Capped herons move frequently between feeding sites, sometimes flying up to 100m. They may be crepuscular, but have been observed foraging during broad daylight, unlike the night-herons. They usually hunt solitarily.

=== Breeding ===
There is very little known about the reproduction of this species. Captive breeding in Miami, USA indicates that a female may lay 2-4 dull white eggs, incubation lasts 26–27 days, and that the chick has white down. However, these captive individuals failed to have any young survive, possibly due to a deficient diet or abnormal behavior in the adults. Based on birds with a similar biology, it is likely that they maintain family groups and care for young even after the young have reached the fledgling stage. There may be a two-cycle breeding pattern, with northern and southern populations breeding at different times of the year.

=== Territoriality ===
Capped herons are strongly territorial; the same bird may be seen at a foraging site for weeks at a time. One capped heron was seen chasing another away from a foraging site, until the other bird settled high in a tree.

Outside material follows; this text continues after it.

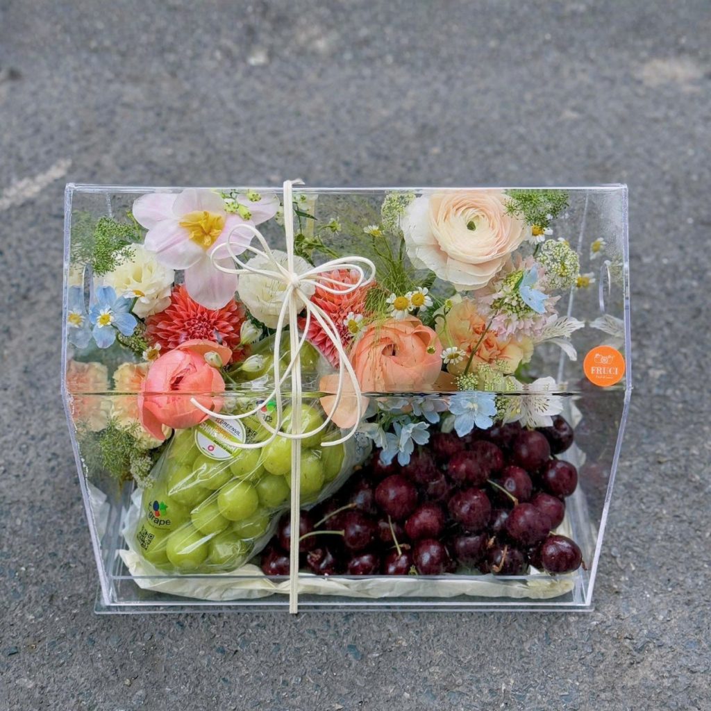 Tựa như một lời chúc lành đầu ngày, giỏ hoa trái cây Abracadabra mang đến cảm giác dịu dàng và rạng rỡ, như một phép màu nho nhỏ len vào cuộc sống. Sắc đỏ của cherry và tím than của nho đan xen giữa hoa tulip, cát tường và cúc tana tạo nên một bản hòa ca tươi sáng – vừa sang trọng, vừa gần gũi.
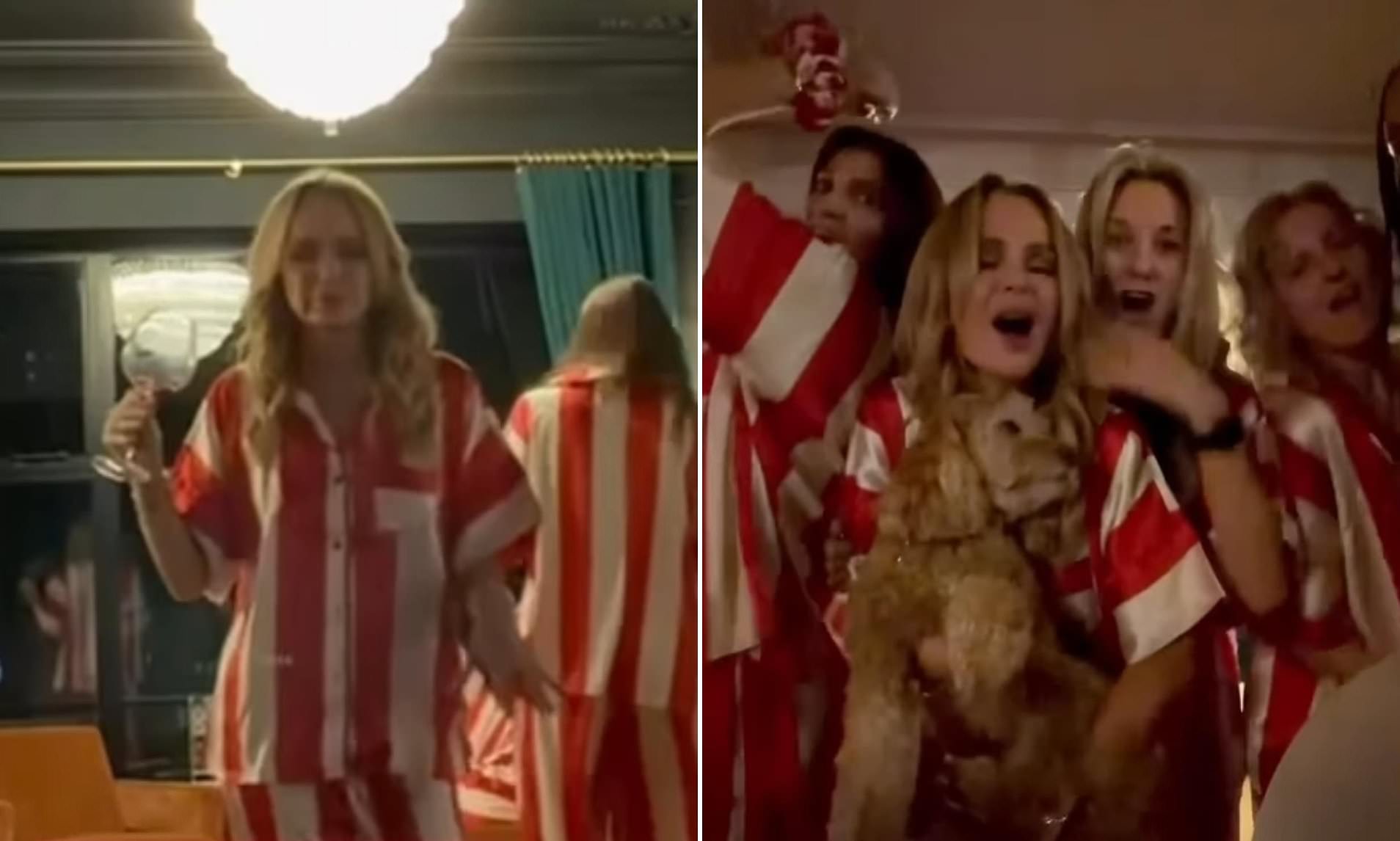 All clad in matching striped Their Nibs pyjamas, the gang let their hair down on their annual festive get-together, dancing up a storm while sipping on red wine.

=== Interspecific and intraspecific behaviour ===
The capped heron is normally solitary, although there are cases where they have been found in couples or groups. Birds may be seen with other species such as snowy egrets (Egretta thula) and scarlet ibis (Eudocimus ruber), however other studies have found that they avoid large mixed-species flocks, appearing in fewer than 1% of 145 observed feeding aggregations. Capped herons appear to be submissive to great egrets (Ardea alba), but dominant to snowy egrets (Egretta thula) and striated herons (Butorides striatus).

== Conservation ==
This species has an extremely large range, and hence does not approach the thresholds for a Vulnerable rating under the range-size criterion. The population size has not been quantified, and the trend is not known, but it is not believed to approach the thresholds for Vulnerable under the population size or trend criteria. For these reasons the species is evaluated as Least Concern. Nevertheless, it occurs in very low densities and is considered "rare" in Ecuador, Colombia, Venezuela, and Panama.

The capped heron appears to be adaptable and may be expanding its use of man-made habitats. People have found some individuals in pools along the Transamazonian Highway Brasil. However, given that it is mainly a riverine forest species, the loss of this habitat due to logging and conversion of forest to pasture might pose long-term threats.